【Day 32】Scrapy 爬取 iT 邦幫忙的回文

第 11 屆 iThome 鐵人賽

AI & Data

爬蟲在手、資料我有 - 30 天 Scrapy 爬蟲實戰系列第 33 篇

11th鐵人賽 python crawler 爬蟲 scrapy

Rex Chien

2019-10-22 17:35:12

3541 瀏覽

分享至

在 Day 13 的內容中，我們有把回文都爬回來，今天會把相關的邏輯都移植到 Scrapy，同時整理一下目前的程式碼。相關的程式碼都放在 gist 上了，接下來會分別做說明。

Items

IthomeArticleItem 類別中加了一個 _id 欄位來使用 MongoDB 新增資料後產生的識別值。

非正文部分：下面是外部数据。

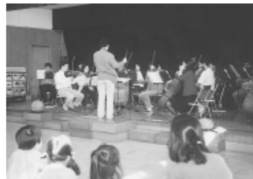
芦屋交響楽団の演奏に聴き入る園児たち

ちの姿がありました。十二月四日はハンドベル鑑賞をし、二十日には二年を迎えるにふさわしい、しめなわ作りを保護者のかたがたと楽しみました。自分で縄を編み、作り上げたしめなわは、各園児の家の玄関等に飾られたことでしょうか。このプログラムを通して、心の奥まで響いてくる生きた音楽を聴くことや、日本の伝統的な行事や遊びを守り、伝えていく大切さを改めて感じることができました。今後も、教育ボランティアのかたがたのご協力により、園児たちと共に楽しさを味わいながら保護者と一緒に楽しんでいきます。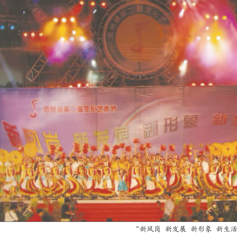
“新凤岗 新发展 新形象 新生活”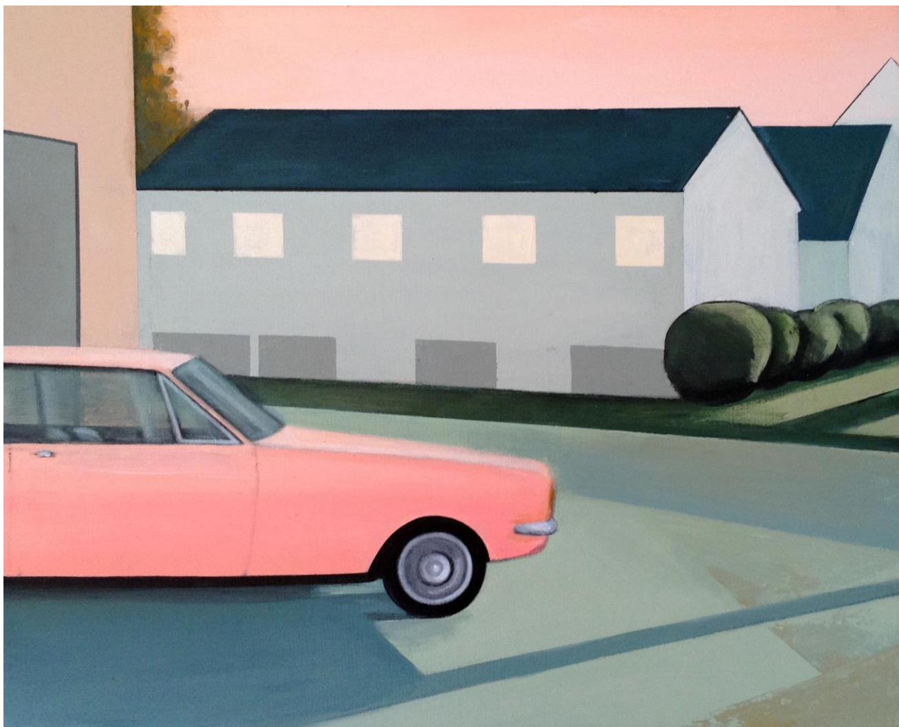
Neighborhood n°1, 2021

Acrílico sobre lienzo , 61 x 50 cm. 720 €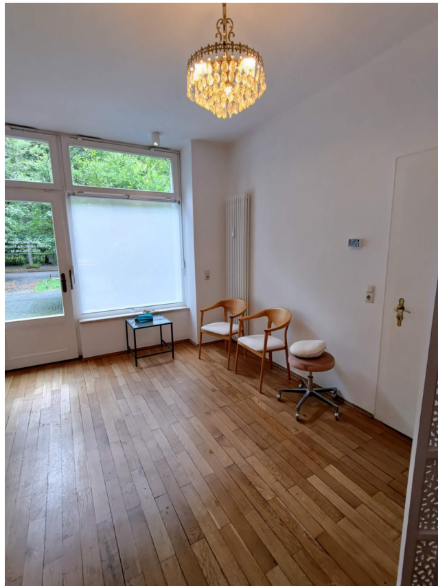
Eingangsbereich zur Mitnutzung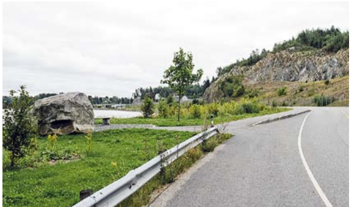
Slik ser det ut der steinen under Ørjeberga ligger i dag.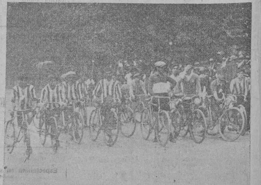
DE LA CARRERA CICLISTA DEL DOMINGO.—Los corredores alineados en la meta, momentos antes de la salida.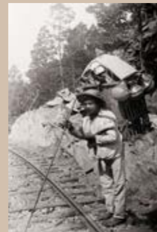
Porteur de poteries, Mexique, vers 1900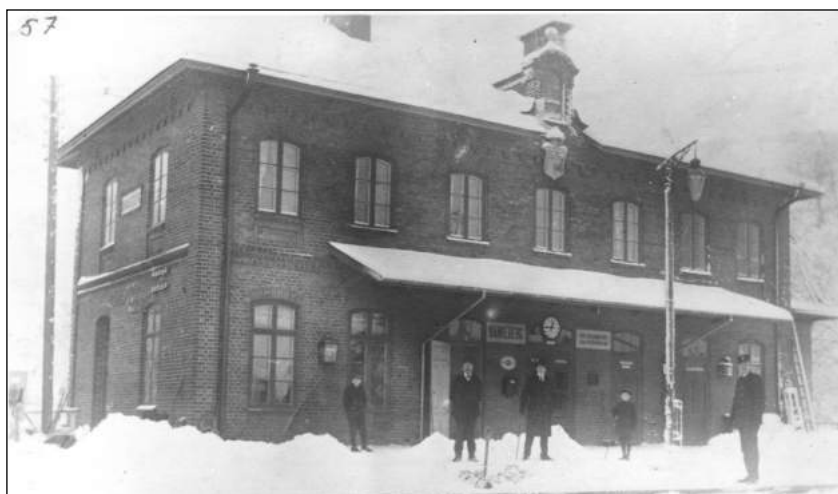
Bankebergs järnvägsstation. Troligen år 1915.

En omfattande godstrafik har alltid förekommit här, ex år 1875 så lastades det ut 1051 oxar. De kom främst från trakterna kring Sjögestad. 890 svin och 77 får lastades av här då. Många tunnor brännvin samt spannmål med mera lastades här. Rakereds tegelbruk 1897-1934, hade en tegellada på bangården där tegel lastades ut ända till 1940. På senare år var det en omfattande hantering av olika slags lantbruksmaskiner. Flera spannmålsmagasin har funnits i anslutning till spårområdet. De sista revs 1997.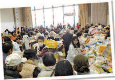
チャリティバザー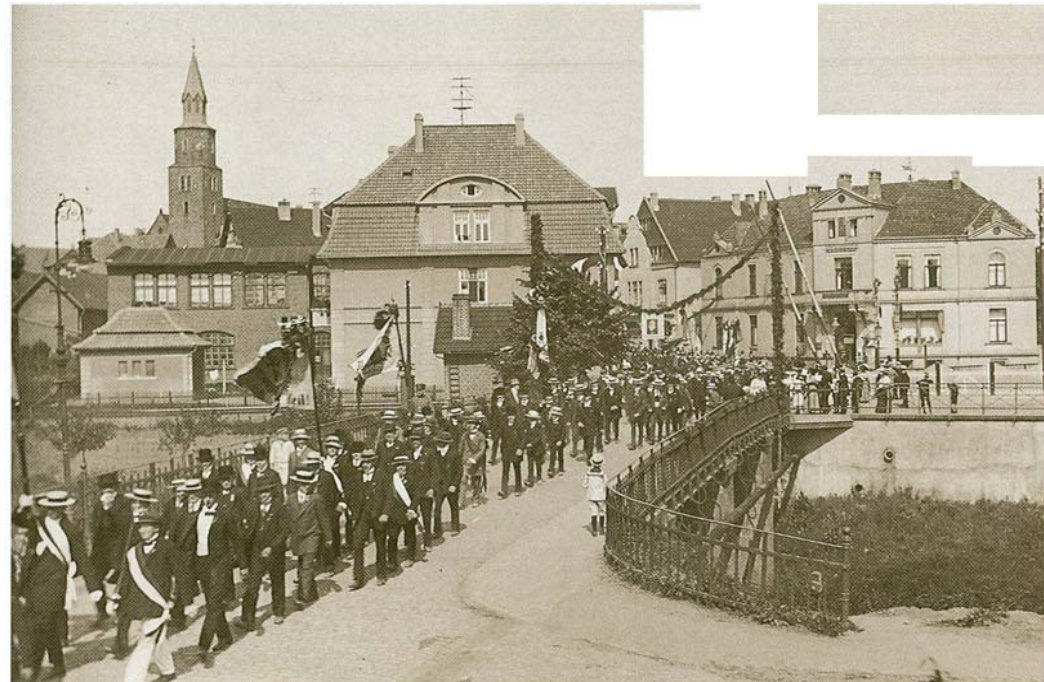
50 jähriges Stiftungsfest des Turnvereins, 1913

Die erste Vereinsfahne wurde am 8.5.1864 feierlich eingeweiht. Bestickt und mit Inschrift versehen hatten sie zahlreiche Frauen der Vereinsmitglieder. Diese Fahne ist heute noch in unserem Besitz, worauf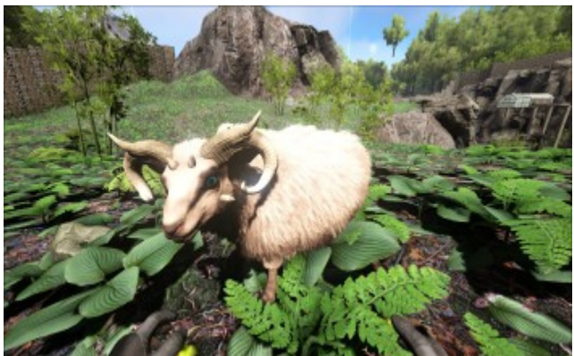
Rohes Hammelfleisch gibt es von einem Schaf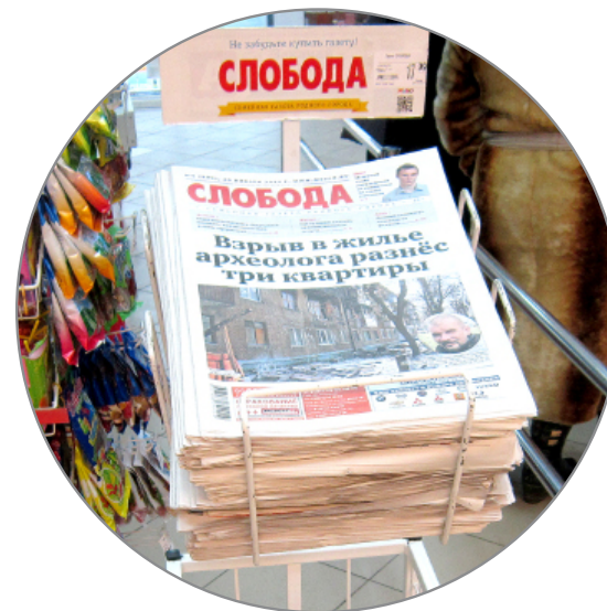
Супермаркеты 28 000 экз.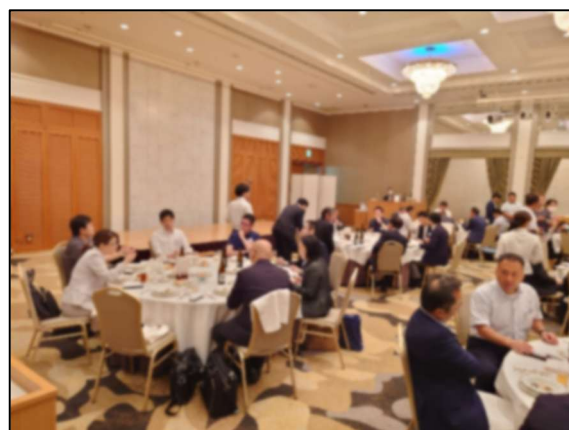
他協同組合の研修交流会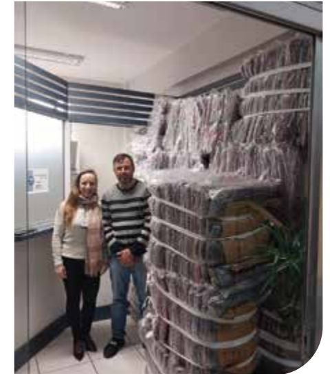
São Lourenço do Sul/RS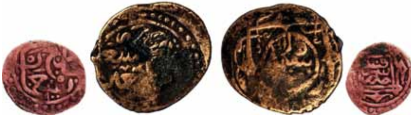
Resim 22: Mahmud (899-900). Çapı 26.8 mm, Ağırlığı 4. 6911 gr. Metal: AE. RR.

Timurî, Darb Yeri: Semerkand, Hicri 900/1495, Anonim Sikke. www.zeno.ru. # 97281/79919. 53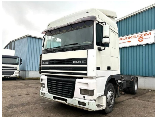
DAF 95.380 XF SPACECAB (EURO 2 (MECHANICAL ... 4x2 Referentienummer: SN 56068266 Z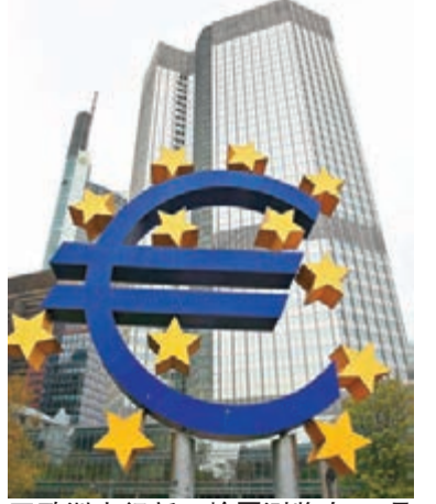
歐洲央行新一輪壓力測試將在10月完結。

另外新增了一個 IthomeReplyItem 類別，用來儲存回文資料。

class IthomeReplyItem(scrapy.Item):
    _id = scrapy.Field()
    article_id = scrapy.Field()
    author = scrapy.Field()
    publish_time = scrapy.Field()
    content = scrapy.Field()

之前回文都是用 response 表示，為了避免跟 Scrapy 的回應物件搞混，這邊都改用 reply。

Pipelines

新增了一個 AbstractMongoPipeline 類別，把啟動與關閉 MongoDB 連線的邏輯都抽取出來，讓其他要使用 MongoDB 的 Pipelines 元件繼承，各元件只需要定義對應的 collection_name 即可。

import pymongo

class AbstractMongoPipeline(object):
    collection_name = None

    def __init__(self, mongo_uri, mongo_db):
        self.mongo_uri = mongo_uri
        self.mongo_db = mongo_db
        self.client = pymongo.MongoClient(self.mongo_uri)
        self.db = self.client[self.mongo_db]
        self.collection = self.db[self.collection_name]

    @classmethod
    def from_crawler(cls, crawler):
        return cls(
            mongo_uri=crawler.settings.get('MONGO_URI'),
            mongo_db=crawler.settings.get('MONGO_DATABASE')
        )

    def close_spider(self, spider):
        self.client.close()

實作處理原文和回文的元件可以分別參考 gist 中的原始碼：原文元件、回文元件。

要特別注意，在同一個專案中如果有不同 Pipelines 元件分別處理不同的 Items，要額外判斷收到的是不是預期要處理的類別，如果不是就要直接回傳交給後面的元件處理。

def process_item(self, item, spider):
    # 只有在收到原文的 Item 時才處理
    if type(item) is items.IthomeArticleItem:

最後要記得把元件加到執行序列中：

ITEM_PIPELINES = {
    'ithome_crawlers.pipelines.IthomeCrawlersPipeline': 300,
    'ithome_crawlers.pipelines.IthomeArticlePipeline': 400,
    'ithome_crawlers.pipelines.IthomeReplyPipeline': 410,
}

Spider

最後在爬蟲中加入 parse_reply(self, response, article_id) 方法，用來剖析回文資料。在處理原文方法的結尾處呼叫剖析回文的方法。

def parse_article(self, response):
    # ...剖析原文資料

    yield article
    
    '''
    瀏覽數小於 20 的文章會被移除
    就不會有新增後的識別值
    '''
    if '_id' in article:
        '''
        上一行執行後資料已更新到資料庫中
        因為是同一個物件參照
        可以取得識別值
        '''  
        article_id = article['_id']
        '''
        因為 iTHome 原文與回文都是在同一個畫面中
        剖析回文時使用原本的 response 即可
        否則這邊需要再回傳 Request 物件
        yield scrapy.Request(url, callback=self.parse_reply)
        '''
        yield from self.parse_reply(response, article_id)